# Demo vehicles?



## nickpsd

Does anyone remember the demo vehicles that used to go around to the vendors? I remember a couple PPI vans, Rockford Suburbans, MB Quart had a couple. I remeber Rockford had a wall of Power1000 amps. The PPI van had 2350's and JL subs What ever happened to these? I think I have pictures around here somewhere. Anyone know of any of them?


----------



## mires

Here is one of PPI's from 1991 apparently

http://www.cardomain.com/ride/3854842/1990-chevrolet-astro-minivan


----------



## Cobra 19 & 54

How about the Lanzar hurse?


----------



## PPI_GUY

Orion Demo Van


----------



## Cobra 19 & 54

PPI_GUY said:


> Orion Demo Van


I remember that. A buddy of mine designed all the amps for it.


----------



## PPI_GUY

That Orion van is still the loudest thing car audio related I have ever heard. 
Cobra, give your friend a BIG thumbs up from me.


----------



## Cobra 19 & 54

I'm picking up 4 gen 1 HCCA's from him Tuesday. Their just coming back from repair so I will relay the message.


----------



## smgreen20

Never seen/heard of the LANZAR hurse. Got some pics of their Astro van. Have to find where they're at.


----------



## pocket5s

JL still has demo vehicles. you can see them on their site. I imagine they only bring them out to CES though, which sucks.


----------



## strakele

SBN is another big show where you'll see some demo vehicles from Alpine and others. They're still around, but not nearly as much it seems.


----------



## PPI_GUY

I think Rockford Fosgate either has or had a demo vehicle fairly recently. 
More pics of the Orion van are coming. I just need a few minutes to scan them.


----------



## tnaudio

I remember another Orion van that had 30 xtr 12s. It is still the loudest thing I have ever heard.


----------



## smgreen20

Here's a few of the LANZAR Chevy Astrovan.


----------



## Wolf83

Man, those demo vehicles are awesome!


----------



## brackac

Demo vans were always the highlight of any competition for me, sad to see the current state of the car audio industry.


----------



## PPI_GUY

More from the Orion van...


----------



## SaturnSL1

I know it's not a demo vehicle, but if anyone has pics of this Z34 I'd really appreciate seeing more of it. I've been an avid fan of Lumina Z34s since before I even knew anything about car audio and to me this car is the top dog.

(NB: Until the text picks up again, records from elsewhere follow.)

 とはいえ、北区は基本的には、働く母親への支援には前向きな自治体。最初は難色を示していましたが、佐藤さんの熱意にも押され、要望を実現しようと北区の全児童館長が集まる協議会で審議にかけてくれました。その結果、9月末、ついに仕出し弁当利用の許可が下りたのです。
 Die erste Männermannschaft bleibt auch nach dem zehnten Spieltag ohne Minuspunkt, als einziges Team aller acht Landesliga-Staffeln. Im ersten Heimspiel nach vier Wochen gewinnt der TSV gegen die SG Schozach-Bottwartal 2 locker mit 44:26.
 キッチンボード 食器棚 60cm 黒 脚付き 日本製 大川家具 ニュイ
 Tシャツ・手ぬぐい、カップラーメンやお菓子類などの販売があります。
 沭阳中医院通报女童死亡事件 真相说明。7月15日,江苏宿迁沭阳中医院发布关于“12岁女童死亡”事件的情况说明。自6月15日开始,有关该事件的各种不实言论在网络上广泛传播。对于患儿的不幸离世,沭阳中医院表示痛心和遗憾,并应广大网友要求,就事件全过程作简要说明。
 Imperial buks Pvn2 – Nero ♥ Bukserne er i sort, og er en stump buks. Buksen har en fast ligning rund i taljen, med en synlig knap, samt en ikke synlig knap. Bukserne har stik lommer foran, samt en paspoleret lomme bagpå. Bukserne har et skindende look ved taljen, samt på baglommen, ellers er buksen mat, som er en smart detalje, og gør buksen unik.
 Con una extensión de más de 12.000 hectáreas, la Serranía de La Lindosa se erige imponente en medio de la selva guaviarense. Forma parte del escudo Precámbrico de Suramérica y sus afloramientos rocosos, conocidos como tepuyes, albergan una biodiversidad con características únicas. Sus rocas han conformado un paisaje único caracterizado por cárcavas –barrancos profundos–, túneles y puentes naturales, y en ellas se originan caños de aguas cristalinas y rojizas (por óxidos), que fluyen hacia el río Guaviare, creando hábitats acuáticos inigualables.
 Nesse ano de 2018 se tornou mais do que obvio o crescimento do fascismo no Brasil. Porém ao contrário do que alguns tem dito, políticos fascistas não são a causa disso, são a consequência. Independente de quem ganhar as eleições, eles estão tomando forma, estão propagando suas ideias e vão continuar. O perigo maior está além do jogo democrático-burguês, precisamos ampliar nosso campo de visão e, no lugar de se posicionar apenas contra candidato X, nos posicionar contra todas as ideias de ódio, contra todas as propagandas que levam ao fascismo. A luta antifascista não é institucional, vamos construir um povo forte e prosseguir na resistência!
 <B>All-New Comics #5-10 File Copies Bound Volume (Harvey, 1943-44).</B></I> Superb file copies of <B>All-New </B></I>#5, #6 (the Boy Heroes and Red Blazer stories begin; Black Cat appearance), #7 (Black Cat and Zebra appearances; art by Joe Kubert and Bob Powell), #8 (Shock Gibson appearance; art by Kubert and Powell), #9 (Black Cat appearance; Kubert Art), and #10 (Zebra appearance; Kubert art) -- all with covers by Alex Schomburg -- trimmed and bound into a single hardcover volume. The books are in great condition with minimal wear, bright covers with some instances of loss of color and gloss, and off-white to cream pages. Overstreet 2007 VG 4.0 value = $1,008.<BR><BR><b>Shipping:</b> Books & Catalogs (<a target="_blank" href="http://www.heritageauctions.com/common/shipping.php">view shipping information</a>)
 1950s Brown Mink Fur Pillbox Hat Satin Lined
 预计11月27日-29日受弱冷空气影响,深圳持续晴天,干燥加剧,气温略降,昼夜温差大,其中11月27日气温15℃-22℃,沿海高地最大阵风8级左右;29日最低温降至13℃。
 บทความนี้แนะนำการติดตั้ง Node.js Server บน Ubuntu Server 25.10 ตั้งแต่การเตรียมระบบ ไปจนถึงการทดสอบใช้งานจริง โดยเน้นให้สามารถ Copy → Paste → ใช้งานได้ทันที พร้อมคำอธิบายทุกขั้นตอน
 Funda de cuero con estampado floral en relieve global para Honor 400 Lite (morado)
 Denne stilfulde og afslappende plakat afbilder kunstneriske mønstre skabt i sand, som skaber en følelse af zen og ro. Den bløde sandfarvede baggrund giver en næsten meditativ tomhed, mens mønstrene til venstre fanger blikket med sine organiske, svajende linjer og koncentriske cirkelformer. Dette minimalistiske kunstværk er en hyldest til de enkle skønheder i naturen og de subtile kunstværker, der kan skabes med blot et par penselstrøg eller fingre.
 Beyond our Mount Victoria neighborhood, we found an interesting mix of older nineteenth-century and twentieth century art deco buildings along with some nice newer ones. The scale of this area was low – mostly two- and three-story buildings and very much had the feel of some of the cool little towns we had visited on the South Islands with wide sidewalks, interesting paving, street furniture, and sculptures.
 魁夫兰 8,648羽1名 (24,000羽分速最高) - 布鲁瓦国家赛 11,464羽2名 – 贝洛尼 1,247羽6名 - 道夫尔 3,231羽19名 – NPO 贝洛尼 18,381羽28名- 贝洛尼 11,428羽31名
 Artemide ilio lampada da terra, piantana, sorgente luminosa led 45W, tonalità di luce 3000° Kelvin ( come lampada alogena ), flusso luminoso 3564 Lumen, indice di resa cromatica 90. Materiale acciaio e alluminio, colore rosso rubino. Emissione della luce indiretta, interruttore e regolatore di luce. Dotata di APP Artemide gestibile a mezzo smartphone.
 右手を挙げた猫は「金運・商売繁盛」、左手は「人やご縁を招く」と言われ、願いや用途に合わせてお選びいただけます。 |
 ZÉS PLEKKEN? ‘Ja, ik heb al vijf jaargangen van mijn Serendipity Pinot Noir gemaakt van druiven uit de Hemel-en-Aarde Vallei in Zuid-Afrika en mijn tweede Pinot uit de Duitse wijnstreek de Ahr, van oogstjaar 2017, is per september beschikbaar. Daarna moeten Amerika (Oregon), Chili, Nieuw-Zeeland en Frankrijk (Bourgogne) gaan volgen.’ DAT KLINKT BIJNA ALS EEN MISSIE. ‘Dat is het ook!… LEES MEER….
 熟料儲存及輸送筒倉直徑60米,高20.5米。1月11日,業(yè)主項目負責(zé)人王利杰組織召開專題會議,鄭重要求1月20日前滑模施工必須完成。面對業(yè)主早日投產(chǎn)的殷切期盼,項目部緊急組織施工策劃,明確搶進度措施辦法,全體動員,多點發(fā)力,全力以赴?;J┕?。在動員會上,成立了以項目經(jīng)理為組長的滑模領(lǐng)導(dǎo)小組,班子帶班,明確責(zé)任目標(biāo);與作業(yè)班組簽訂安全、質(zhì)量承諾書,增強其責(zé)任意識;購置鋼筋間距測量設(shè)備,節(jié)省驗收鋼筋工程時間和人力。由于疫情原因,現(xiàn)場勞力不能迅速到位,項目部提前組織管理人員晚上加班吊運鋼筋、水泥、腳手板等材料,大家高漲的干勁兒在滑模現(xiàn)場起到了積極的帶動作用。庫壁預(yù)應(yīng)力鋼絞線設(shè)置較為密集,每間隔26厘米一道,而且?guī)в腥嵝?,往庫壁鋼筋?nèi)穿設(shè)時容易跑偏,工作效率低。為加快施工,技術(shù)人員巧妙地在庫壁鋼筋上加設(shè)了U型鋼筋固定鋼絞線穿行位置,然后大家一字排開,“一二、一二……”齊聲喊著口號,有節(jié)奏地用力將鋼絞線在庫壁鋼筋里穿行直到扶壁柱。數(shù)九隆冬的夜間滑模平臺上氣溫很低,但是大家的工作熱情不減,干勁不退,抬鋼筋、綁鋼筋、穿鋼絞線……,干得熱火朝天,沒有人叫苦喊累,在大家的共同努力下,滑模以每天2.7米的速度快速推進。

I wish I still had my '93 Z34 

World Championship Car Audio System Demo - Calypso - YouTube


----------



## Audio Options

I owned one of the PPI Sedona vans, it had 16 JL Audio 10w6 iso in iso plates. The van finally got laid to rest about 4 months ago


----------



## Audio Options

one of my favorite demo vehicles was the orion dually as well as a rockford astrovan that fukuda built


----------



## Audio Options

SaturnSL1 said:


> I know it's not a demo vehicle, but if anyone has pics of this Z34 I'd really appreciate seeing more of it. I've been an avid fan of Lumina Z34s since before I even knew anything about car audio and to me this car is the top dog.
> 
> I wish I still had my '93 Z34
> 
> World Championship Car Audio System Demo - Calypso - YouTube



I remember seeing that car.... I miss alesis, it was the **** back in the day..lol


----------



## PPI_GUY

Audio Options said:


> I owned one of the PPI Sedona vans, it had 16 JL Audio 10w6 iso in iso plates. The van finally got laid to rest about 4 months ago


Would love to see some pics if you have any. :thumbsup:


----------



## Audio Options

I dont think I have any of it as the sedona van, we stripped it back in 2000 and redid the whole thing in arc and changed to a wall with 12 12"


----------



## PPI_GUY

I remember both the Linear Power and Rockford vans. RF toured their dealerships and attended alot of regional and most national events. But, the LP van would actually show up at dealers stores who sold competitors products and basically try to wow them into picking up LP. Atleast that's what happened at a local store.


----------



## old orion worker

Audio Options said:


> one of my favorite demo vehicles was the orion dually as well as a rockford astrovan that fukuda built


anyone know what happend to the orion yellow dually it had 20 15s and 29 hcca amps and 22 batteries.cant find any photos no where.please help me.


----------



## old orion worker

Cobra 19 & 54 said:


> I'm picking up 4 gen 1 HCCA's from him Tuesday. Their just coming back from repair so I will relay the message.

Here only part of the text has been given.